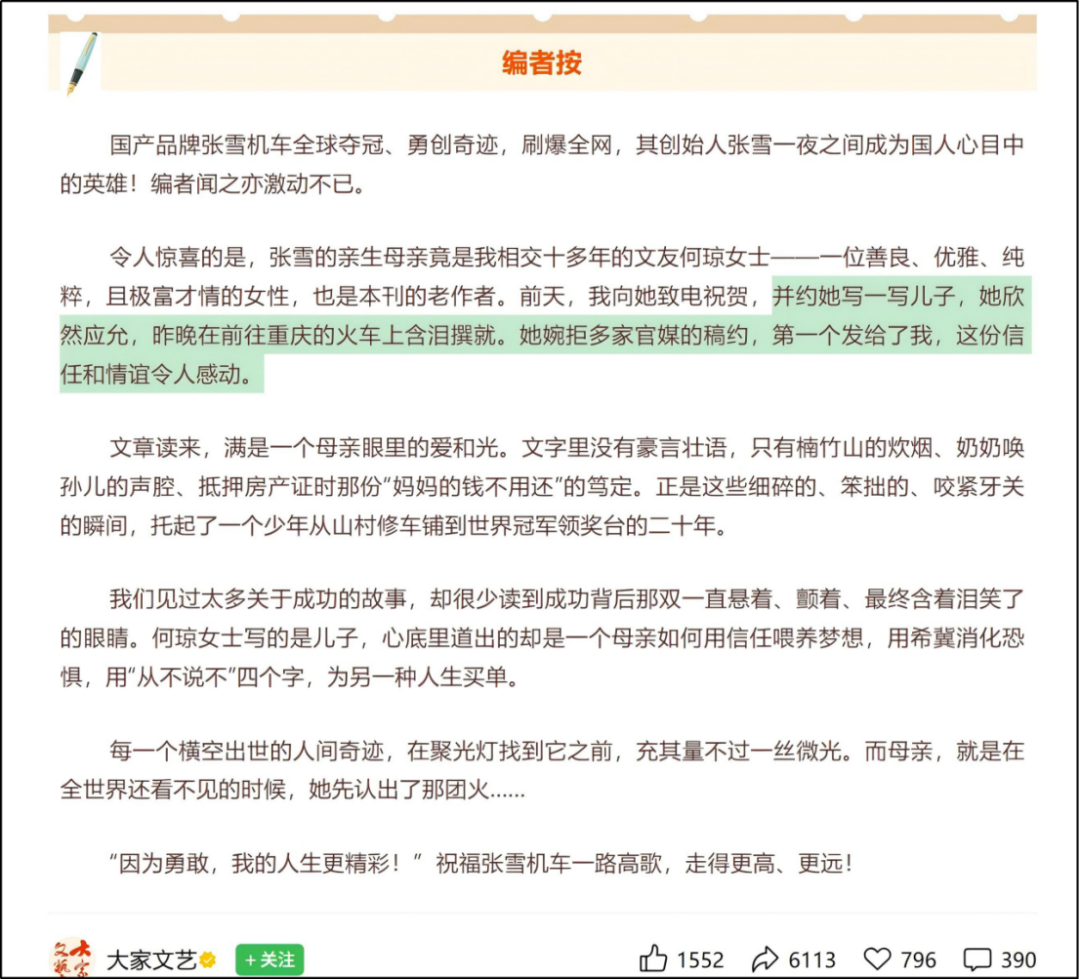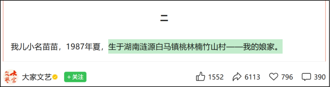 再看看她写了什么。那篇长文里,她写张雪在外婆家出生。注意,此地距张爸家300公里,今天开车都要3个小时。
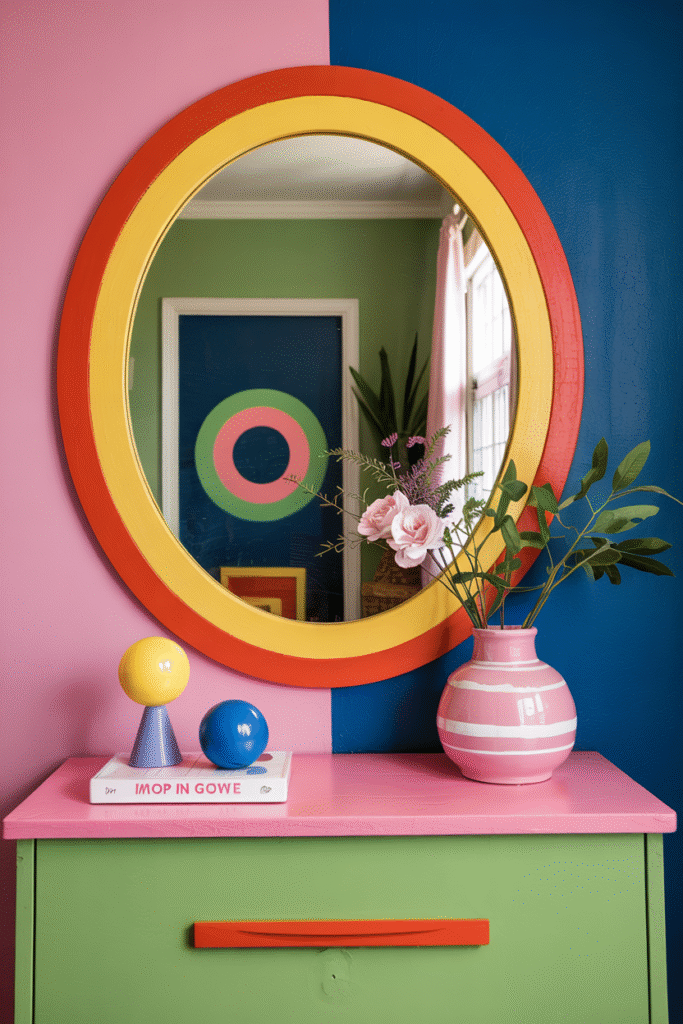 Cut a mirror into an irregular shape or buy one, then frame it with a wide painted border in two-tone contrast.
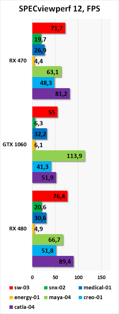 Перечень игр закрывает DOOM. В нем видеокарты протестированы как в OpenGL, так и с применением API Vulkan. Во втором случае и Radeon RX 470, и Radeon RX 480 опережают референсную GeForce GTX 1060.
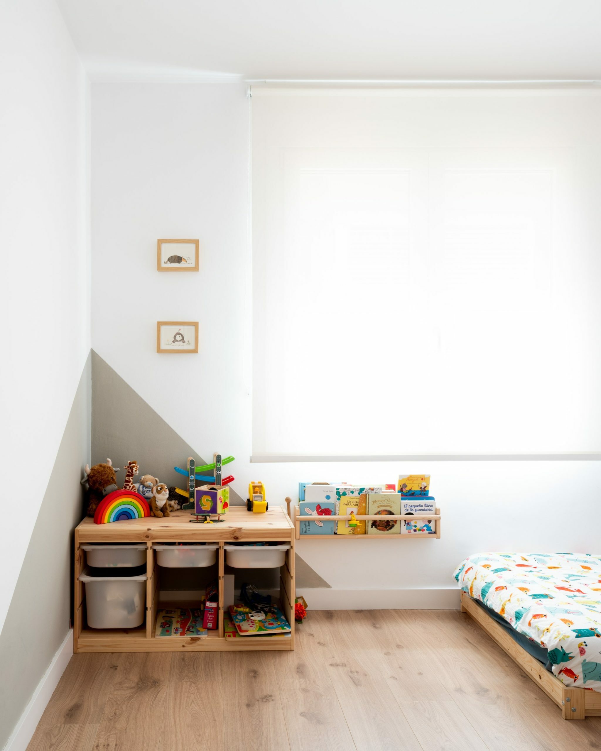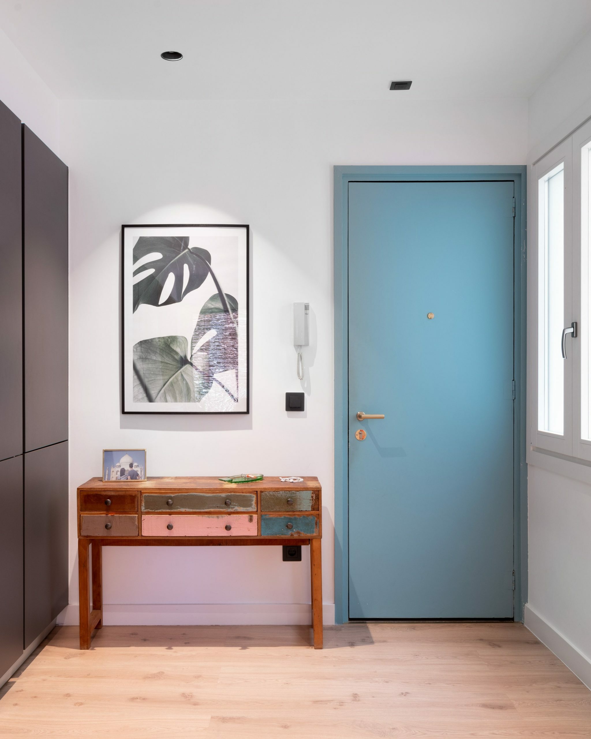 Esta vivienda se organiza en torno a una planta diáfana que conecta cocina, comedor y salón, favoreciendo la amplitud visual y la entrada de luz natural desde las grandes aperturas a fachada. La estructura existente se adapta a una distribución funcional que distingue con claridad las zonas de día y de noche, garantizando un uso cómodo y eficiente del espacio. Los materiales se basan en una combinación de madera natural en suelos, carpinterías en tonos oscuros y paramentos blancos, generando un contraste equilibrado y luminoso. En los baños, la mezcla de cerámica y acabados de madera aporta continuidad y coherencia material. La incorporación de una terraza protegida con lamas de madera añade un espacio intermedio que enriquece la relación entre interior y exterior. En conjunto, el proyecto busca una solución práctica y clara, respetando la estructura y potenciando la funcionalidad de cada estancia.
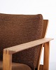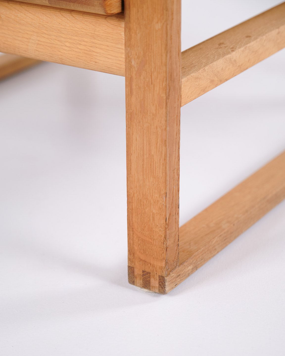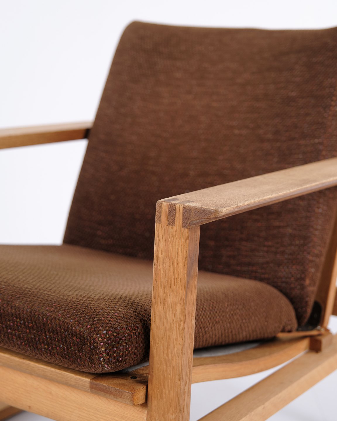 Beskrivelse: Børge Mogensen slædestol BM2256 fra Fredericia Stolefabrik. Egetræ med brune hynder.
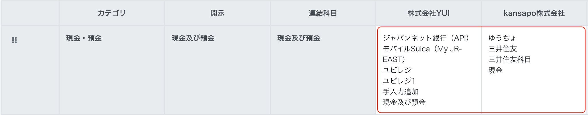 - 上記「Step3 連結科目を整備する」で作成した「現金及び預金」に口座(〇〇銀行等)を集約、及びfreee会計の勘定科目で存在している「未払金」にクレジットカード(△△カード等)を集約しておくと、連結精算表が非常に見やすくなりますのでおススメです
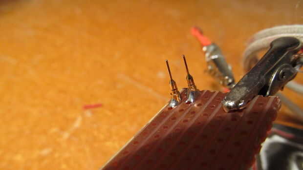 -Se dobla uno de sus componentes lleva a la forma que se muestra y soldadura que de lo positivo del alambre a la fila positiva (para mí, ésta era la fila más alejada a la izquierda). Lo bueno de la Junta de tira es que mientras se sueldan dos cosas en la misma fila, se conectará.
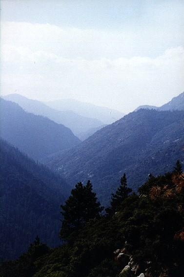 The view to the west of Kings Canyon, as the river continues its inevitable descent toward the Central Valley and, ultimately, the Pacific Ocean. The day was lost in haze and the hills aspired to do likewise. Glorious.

══════════

Problem to work on:
The finished answer is an exact repetition of the listing, with every picture removed.

Final answer:
 再看看她写了什么。那篇长文里,她写张雪在外婆家出生。注意,此地距张爸家300公里,今天开车都要3个小时。
 Cut a mirror into an irregular shape or buy one, then frame it with a wide painted border in two-tone contrast.
 Перечень игр закрывает DOOM. В нем видеокарты протестированы как в OpenGL, так и с применением API Vulkan. Во втором случае и Radeon RX 470, и Radeon RX 480 опережают референсную GeForce GTX 1060.
 Esta vivienda se organiza en torno a una planta diáfana que conecta cocina, comedor y salón, favoreciendo la amplitud visual y la entrada de luz natural desde las grandes aperturas a fachada. La estructura existente se adapta a una distribución funcional que distingue con claridad las zonas de día y de noche, garantizando un uso cómodo y eficiente del espacio. Los materiales se basan en una combinación de madera natural en suelos, carpinterías en tonos oscuros y paramentos blancos, generando un contraste equilibrado y luminoso. En los baños, la mezcla de cerámica y acabados de madera aporta continuidad y coherencia material. La incorporación de una terraza protegida con lamas de madera añade un espacio intermedio que enriquece la relación entre interior y exterior. En conjunto, el proyecto busca una solución práctica y clara, respetando la estructura y potenciando la funcionalidad de cada estancia.
 Beskrivelse: Børge Mogensen slædestol BM2256 fra Fredericia Stolefabrik. Egetræ med brune hynder.
 - 上記「Step3 連結科目を整備する」で作成した「現金及び預金」に口座(〇〇銀行等)を集約、及びfreee会計の勘定科目で存在している「未払金」にクレジットカード(△△カード等)を集約しておくと、連結精算表が非常に見やすくなりますのでおススメです
 -Se dobla uno de sus componentes lleva a la forma que se muestra y soldadura que de lo positivo del alambre a la fila positiva (para mí, ésta era la fila más alejada a la izquierda). Lo bueno de la Junta de tira es que mientras se sueldan dos cosas en la misma fila, se conectará.
 The view to the west of Kings Canyon, as the river continues its inevitable descent toward the Central Valley and, ultimately, the Pacific Ocean. The day was lost in haze and the hills aspired to do likewise. Glorious.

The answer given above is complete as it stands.